Pour résumer, maintenir la diversité génétique dans les stocks d’élevage est un enjeu très

important pour les futures stratégies de reproduction, pour les futurs programmes de sélection

et l’adaptation des animaux aux différents systèmes d’élevage et changements environnementaux. D’ailleurs, pour certaines espèces de poisson et dans certaines structures

d’élevage, des poissons sauvages sont toujours ajoutés malgré une maîtrise totale du cycle de

vie et la mise en place de programmes de sélection. Le bar, une espèce produite surtout dans les pays du bassin méditerranéen, est le meilleur exemple pour l’illustrer (Vandeputte et al.,

2009). En Méditerranée, les populations de bar sauvages sont structurées en trois

métapopulations: celles de l’Atlantique et de la mer d’Alboran, de la Méditerranée de l’Ouest et de la Méditerranée de l’Est (Quéré et al., 2012). En aquaculture, comme pour les autres

espèces marines, les stocks de géniteurs sont établis à partir d’individus sauvages capturés. Dans certains cas, ces stocks sont fondés à partir de la population locale et dans d’autres des œufs sont importés depuis d’autres régions et d’autres fermes. Aucune information publiée n’est disponible à ce sujet, mais selon les pratiques et les informations communiquées (par les

aquaculteurs et les chercheurs), il est certain que certaines fermes ont des stocks composés de

populations sauvages différentes (Vandeputte, 2012).
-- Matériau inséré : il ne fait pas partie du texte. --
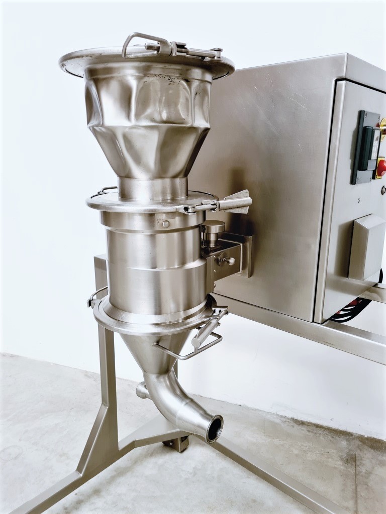 Il mulino è costituito dalla testa di fresatura, un setaccio conico e il rotore. Il movimento rotatorio del rotore fa fluire il prodotto attraverso il setaccio, adatto per la disagglomerazione ed il trattamento di polveri secche e umide. Realizzato in acciaio inossidabile 316L.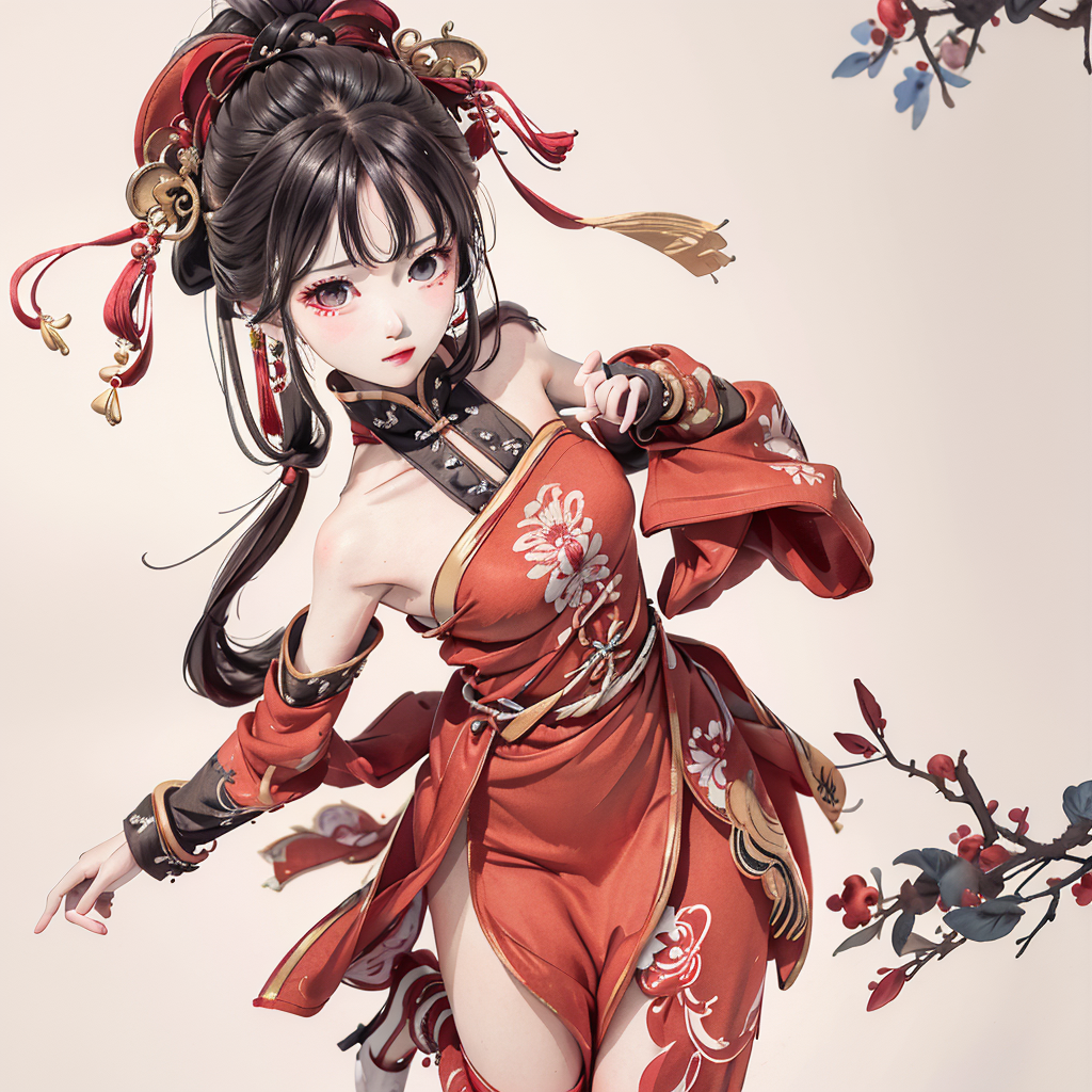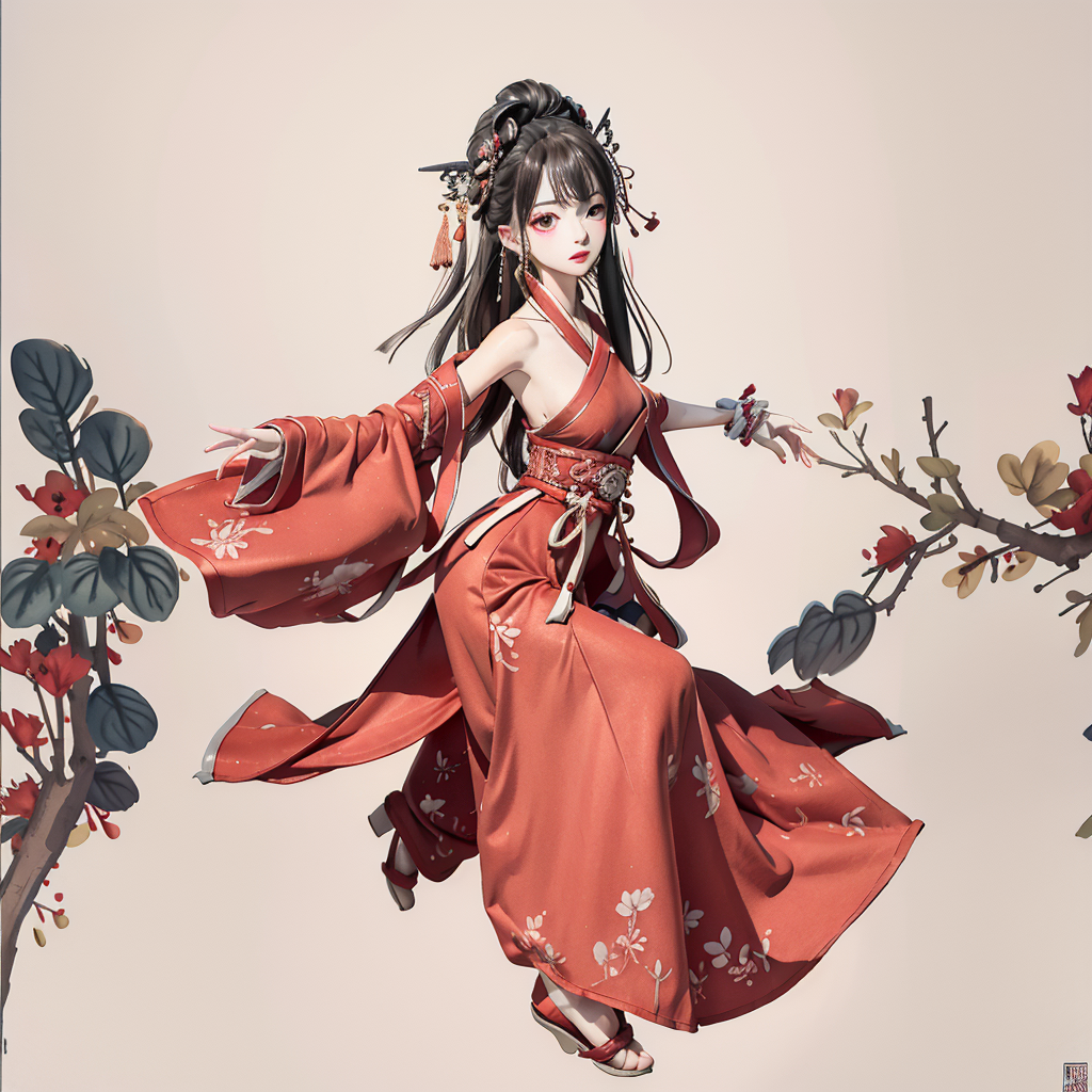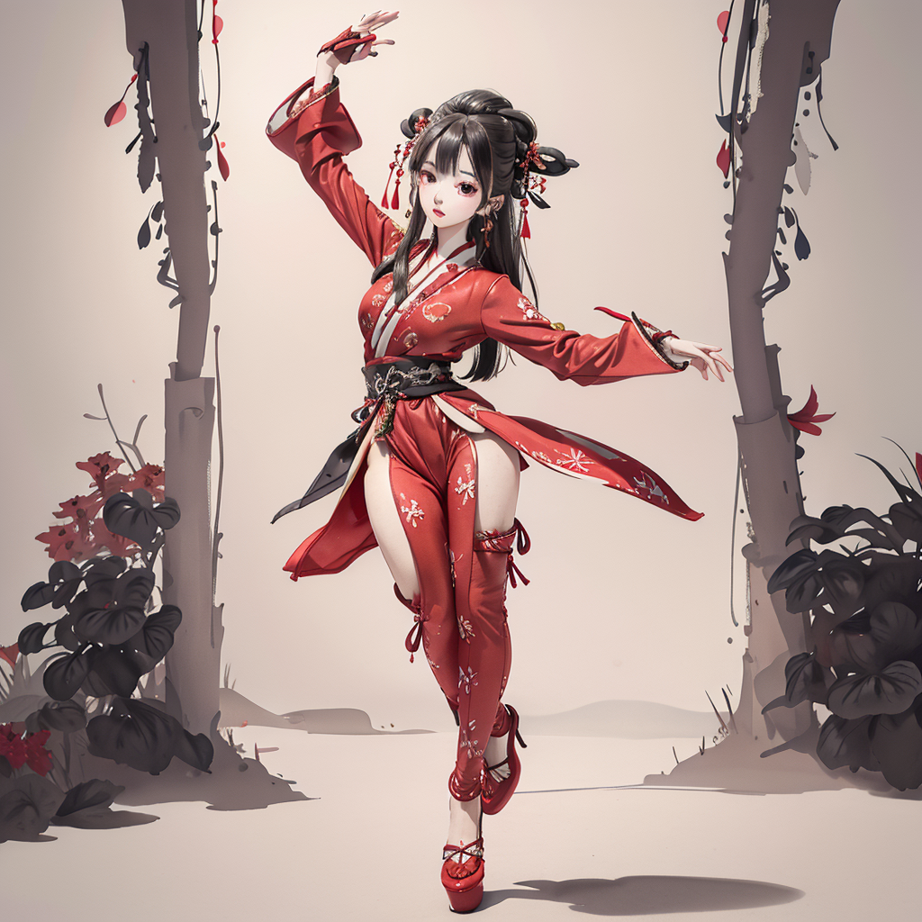 shuimobysim, badashanren, shukezouma, (masterpiece, best quality, high quality, highres, ultra-detailed),<lora:MoXinV1:0.6>, <lora:shukezouma_v1_1:0.6>,girl,dancing, red clothes,hanfu, sad,

Aujourd’hui encore, l’ajout d’individus sauvages de différentes origines et l’importation de larves ou de juvéniles depuis d’autres écloseries sont toujours pratiqués, malgré l’intérêt de développer des programmes de sélection

(Youngson et al., 2001). Par conséquent, les stocks d’élevage de bar divergent fortement des populations sauvages situées à proximité des fermes d’élevage et présentent une variabilité

génétique plus élevée dans certains cas (communication personnelle de Pierrick Haffray, 2014).